Folgendes hab ich vor. Ich möchte in einem Game ein Makro mit meiner Maus laufen lassen und gleichzeitig aber dabei etwas anderes machen können ohne das Mausmakro dabei zu unterbrechen. 

Sprich ich bräuchte 2 Ebenen im Windows. 1 untere für das Game mit Mausmakro und eine 2 zum Arbeiten Filme schaun zocken ect.

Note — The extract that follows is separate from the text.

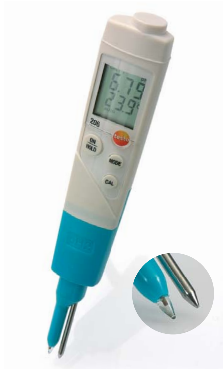
Sonda pH2 adatta a materiali semisolidi

Und für die 2 natürlich eine unabhängige maus.

Ergo müsste ebene eins komplett autarg mit dem Marko laufen und ich einen 2 Mauszeiger für die 2 ebene haben den ich mit meiner normalen Maus steuern kann ohne das die erste Ebene davon beeinflusst ist.


So Chefs.. wie mach ich das^^


----------



## elpadre (25. April 2013)

*AW: 2 Mauszeiger unabhängig voneinander arbeiten lassen?*

kannst du das Makro alternativ mit Tastenkürzeln anstelle von Mousemovement programmieren? 

ggf. kannst du die Filme ja dann über eine Virtual Machine laufen lassen.


----------



## Eol_Ruin (25. April 2013)

*AW: 2 Mauszeiger unabhängig voneinander arbeiten lassen?*

Das wird nicht gehen.
Es ist zwar prinzipiell möglich 2 Mäuse an einen PC anzuschließen und damit EINEN Zeiger zu steuern - aber 2 Mauszeiger gibts deswegen nicht.

Auch wären die Probleme die Windows damit hätte schwierig zu lösen.
Allein schon welches Fenster den Fokus hätte wäre schwer zu klären.

Das mit der VM wäre prinzipiell vielleicht möglich.
Allerdings verliert, wenn man in der VM was anklicken würde, wahrscheinlich das Game im "normalen" Windows den Fokus.



ADD:
Ich hab jetzt das gefunden:
http://www.heise.de/download/multimouse-multiple-cursors-1172642.html

Aber ob das in einem Game und mit Makros funktioniert - Keine Ahnung.
Und es kostet halt auch ne Stange Geld und man braucht nen 2. Rechner dafür.


Das hier hat unter XP funktioniert.
http://de.computerhilfsmittel.wikia.com/wiki/CPNMouse
Aber obs unter 7 auch läuft?


----------



## elpadre (25. April 2013)

*AW: 2 Mauszeiger unabhängig voneinander arbeiten lassen?*



Eol_Ruin schrieb:


> ADD:
> Ich hab jetzt das gefunden:
> MultiMouse - Multiple Cursors, Download bei heise
> 
> ...



das wäre ja sinnfrei. Dann könnte er ja gleich mit einem Rechner das Makro laufen lassen ingame, und mit dem anderen Knecht nen film glotzen.


----------



## Leandros (25. April 2013)

*AW: 2 Mauszeiger unabhängig voneinander arbeiten lassen?*

Schlecht Programmierter Hack / Bot, wenn du es über Mousemovement machen musst.


----------